DATA EXTRACT:
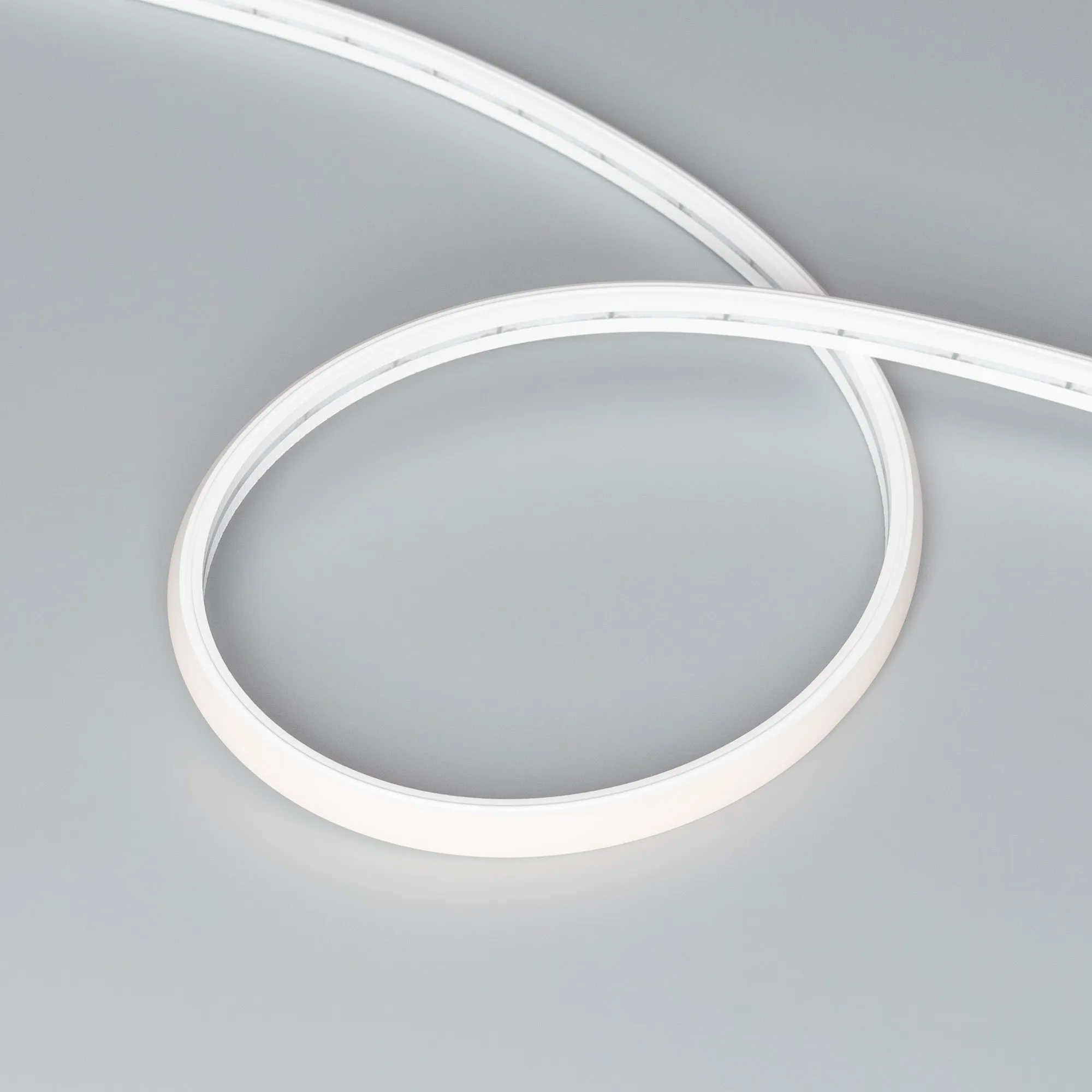 Гибкая герметичная лента (неон серии MOONLIGHT), сечение 11×7 мм. Светодиоды CSP 320 шт/м. Цвет свечения ТЁПЛЫЙ БЕЛЫЙ (2300 К), индекс цветопередачи CRI>90, световой поток 750 лм/м, угол излучения 120°. Мощность 10 Вт/м, питание 24 В. Класс пылевлагозащиты IP65. Размеры 5000×7×11 мм. Мин. отрезок 25 мм. Вертикальный изгиб TOP, минимальный радиус изгиба 60 мм. Вывод кабеля с двух сторон. Катушка 5 м. Цена за 1 м. Гарантия 3 года.
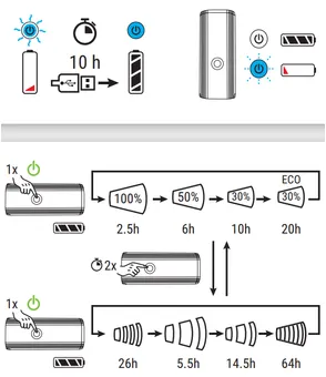 - Brinntid: 2.5 - 64 timmar (beroende på ljusläge)
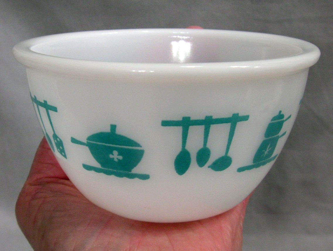 Title (ebay affiliate link): VTG HAZEL ATLAS TURQUOISE BLUE KITCHEN AIDS WHITE MILK GLASS MIXING BOWL 4.75"
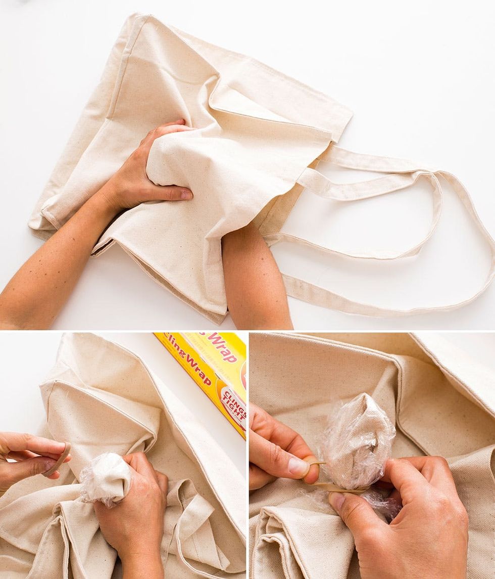 Next up we folded a tote bag. To make a single splotch, cover a fist-worth of fabric with cling wrap and tightly wind a rubber band around the knob of fabric.
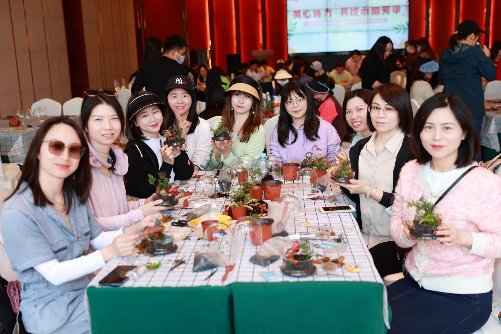 此站手工互动的内容包括植物微景观制作和永生花DIY。进入布置温馨的活动大厅,在专业园林师、美术老师的讲解和指导下,一些女职工手持小工具,变身巧手花匠,饶有趣味地剖土、栽种、铺石、装饰,打造各具特色的“纯手工盆景”,另一些女职工聚精会神、全心全意,镊子、胶水、水彩颜料、干花瓣等齐上阵,制作美丽而生动的永生花装饰画……经过近1小时的制作,一盆盆可爱的多肉“指尖森林”和一幅幅精美的永生花装饰画就呈现在大家面前。活跃的氛围,探知的兴趣,巧妙的构思,精美的设计,通过动手设计、创意发挥,锻炼了大家的动手能力,陶冶了良好情操。
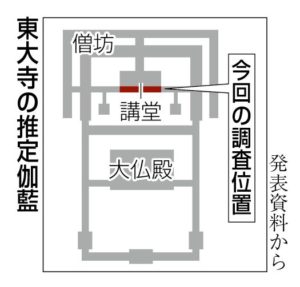 奈良時代に創建された東大寺(奈良市)の大仏殿北側にあった講堂の基壇の構造と規模が発掘調査で明らかになり、同寺が19日発表した。基壇は東西約61㍍、南北約36㍍と推定。同寺大仏殿に次ぐ規模といい、多くの僧侶が経典などを学んだ大型施設について知る成果という。
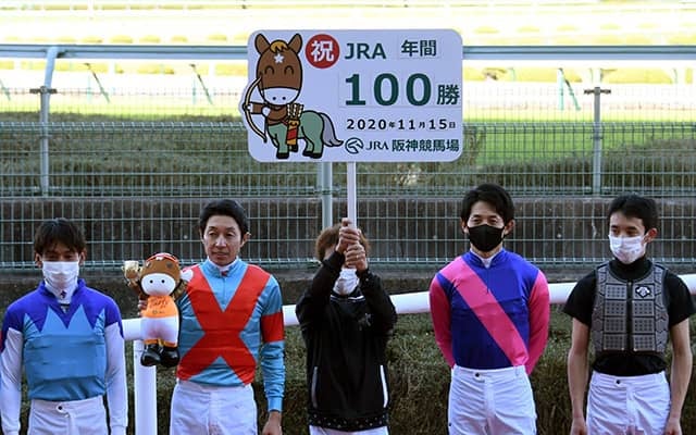 今年の年間100勝達成は、C.ルメール騎手・川田将雅騎手・福永祐一騎手・松山弘平騎手に続く5人目。
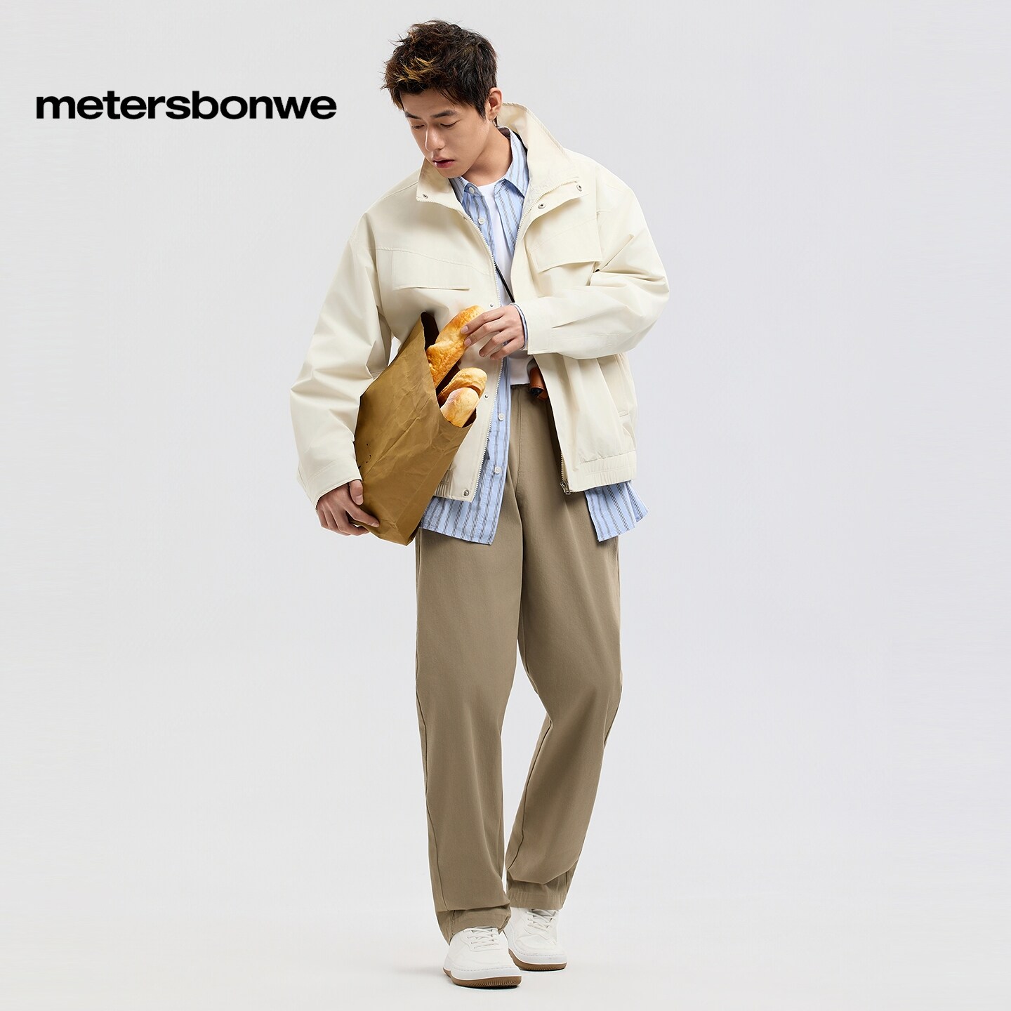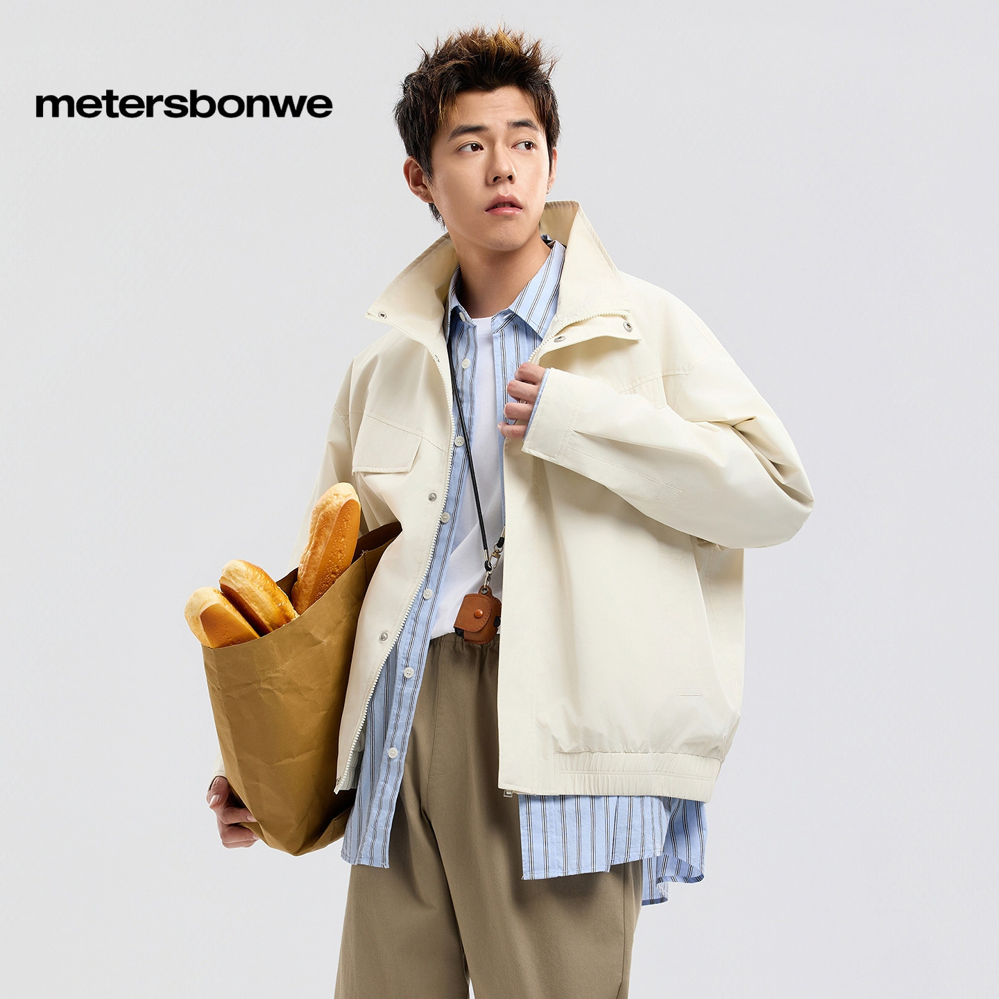美特斯邦威夹克男2026春季新款潮流宽松廓形简约舒适休闲立领外套

WHAT IS REQUIRED: Starting at the line that contains "此站手工互动的内容包括植物微", retype every line through the end of the material exactly as written, including both end lines but no pictures.

WORKED SOLUTION:
 此站手工互动的内容包括植物微景观制作和永生花DIY。进入布置温馨的活动大厅,在专业园林师、美术老师的讲解和指导下,一些女职工手持小工具,变身巧手花匠,饶有趣味地剖土、栽种、铺石、装饰,打造各具特色的“纯手工盆景”,另一些女职工聚精会神、全心全意,镊子、胶水、水彩颜料、干花瓣等齐上阵,制作美丽而生动的永生花装饰画……经过近1小时的制作,一盆盆可爱的多肉“指尖森林”和一幅幅精美的永生花装饰画就呈现在大家面前。活跃的氛围,探知的兴趣,巧妙的构思,精美的设计,通过动手设计、创意发挥,锻炼了大家的动手能力,陶冶了良好情操。
 奈良時代に創建された東大寺(奈良市)の大仏殿北側にあった講堂の基壇の構造と規模が発掘調査で明らかになり、同寺が19日発表した。基壇は東西約61㍍、南北約36㍍と推定。同寺大仏殿に次ぐ規模といい、多くの僧侶が経典などを学んだ大型施設について知る成果という。
 今年の年間100勝達成は、C.ルメール騎手・川田将雅騎手・福永祐一騎手・松山弘平騎手に続く5人目。
美特斯邦威夹克男2026春季新款潮流宽松廓形简约舒适休闲立领外套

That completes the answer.